According to Brian Nicholson, senior sales relationship manager at BPAS, site traffic has averaged around 1,200 visits per day across laptops, tablets, and mobile devices.

The virtual classroom and “Ask an Expert” features seem to be getting the most visits, say Nicholson and Neveu. Based on participant questions and feedback, the firm plans to roll out more content in these areas. “When you consider participants with balances over $25,000, most will log on to the website 15 or 20 times for every time they attend an education meeting,” says Neveu.  

The firm scrutinized the type and complexity of questions to the call center and designed content to differentiate account-specific questions from those that are tax, legal or philosophical in nature. The site can automatically route questions to the appropriate forum. Questions can range from “What are the current rules for beneficiary designations?” to more complex questions about non-discrimination testing rules, 72(p) loan limits or frequent trading rules.
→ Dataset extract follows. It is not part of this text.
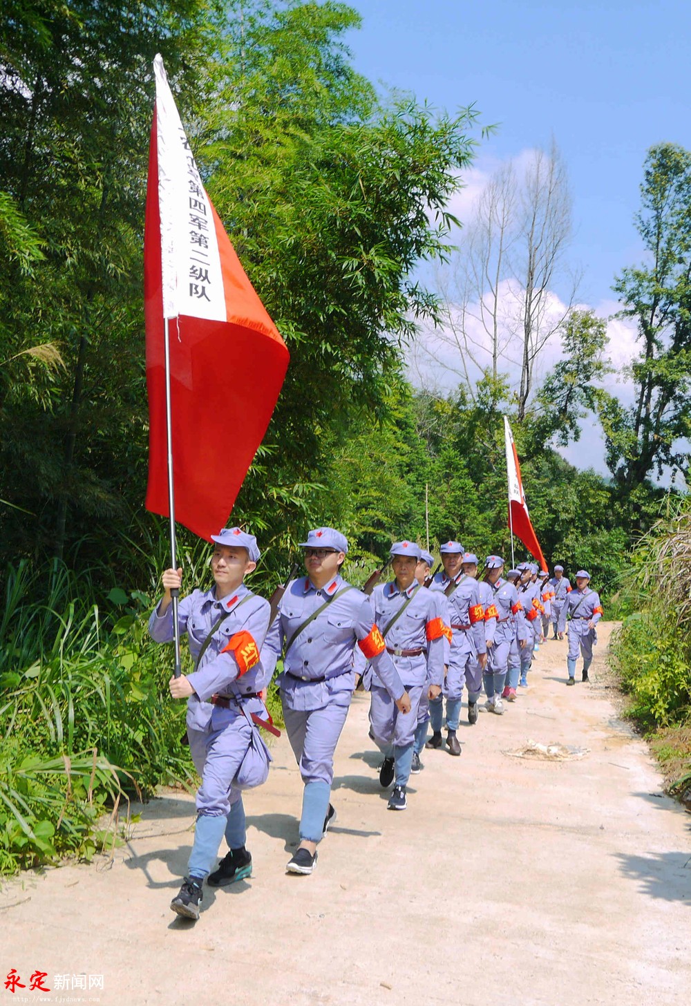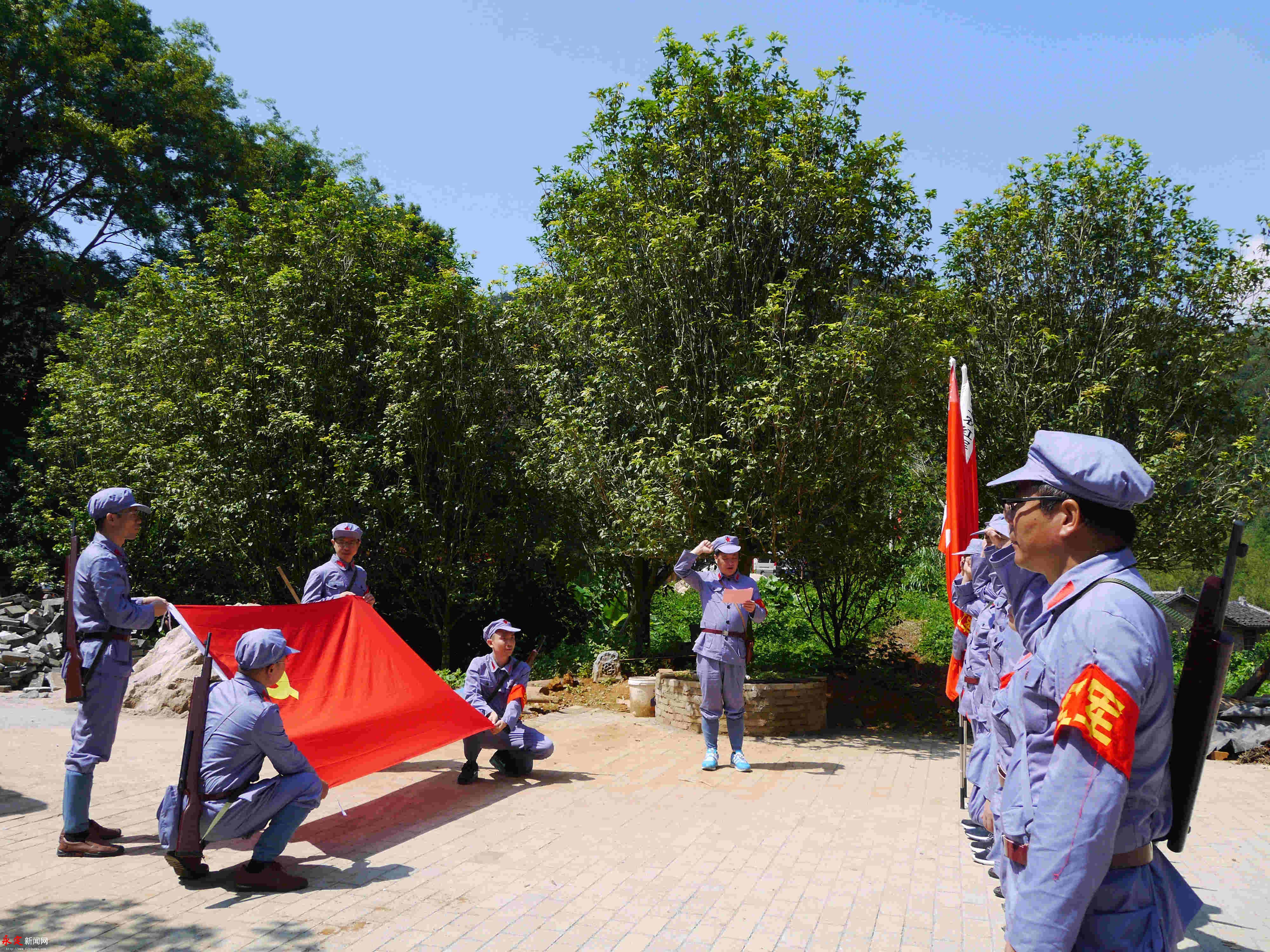 重走紅色交通線。劉永良 攝 在伯公凹,黨員們頂著炎炎烈日,身著紅軍服,頭戴八角帽,高舉“閩西工農紅軍第四軍第一縱隊”“閩西工農紅軍第四軍第二縱隊”的軍旗,行走在崎嶇的山路,重走紅色交通線,追尋老一輩足跡,重溫那段不能忘卻的歷史。“因為秘密工作的緣故,不少人名姓不詳,英名埋沒于青山,成為無名英雄。是什么,讓他們如此堅定?是什么,讓他們如此無畏?是什么,讓他們獻出生命也在所不惜?”在山間古道,黨員們邊走邊思考:“除了紅色的信仰,還能有別的什么力量?” 在交通站舊址前,參加活動的黨員整齊列隊,在區(qū)委常委、宣傳部部長曾佑繁的帶領下,面對鮮紅的黨旗,舉起右手、握緊拳頭,重溫入黨誓詞,牢記共產黨員的責任和使命。同時,在伯公廟、交通站舊址前,黨員們用心聆聽烈士后代鄒廣敦講解了一個個驚心動魄而又令人肅然起敬的感人故事,回顧烽火連天的革命歲月,深刻緬懷革命先烈的英雄事跡和豐功偉績。

Planned enhancements include moving toward gamification with quizzes that test participant knowledge about retirement planning concepts. Additional modules are being added to the virtual classroom. BPAS will be adding a special section to the PEC geared to 1081 plans in Puerto Rico over the next month, as well as additional content geared at health reimbursement accounts (HRAs) and health savings accounts (HSAs).

“We are trying to engage participants on important topics, while making it fun,” Nicholson says. “There are exciting things you can accomplish through the creative use of technology when you keep it engaging.”

BPAS is a national provider of retirement plan administration and related services.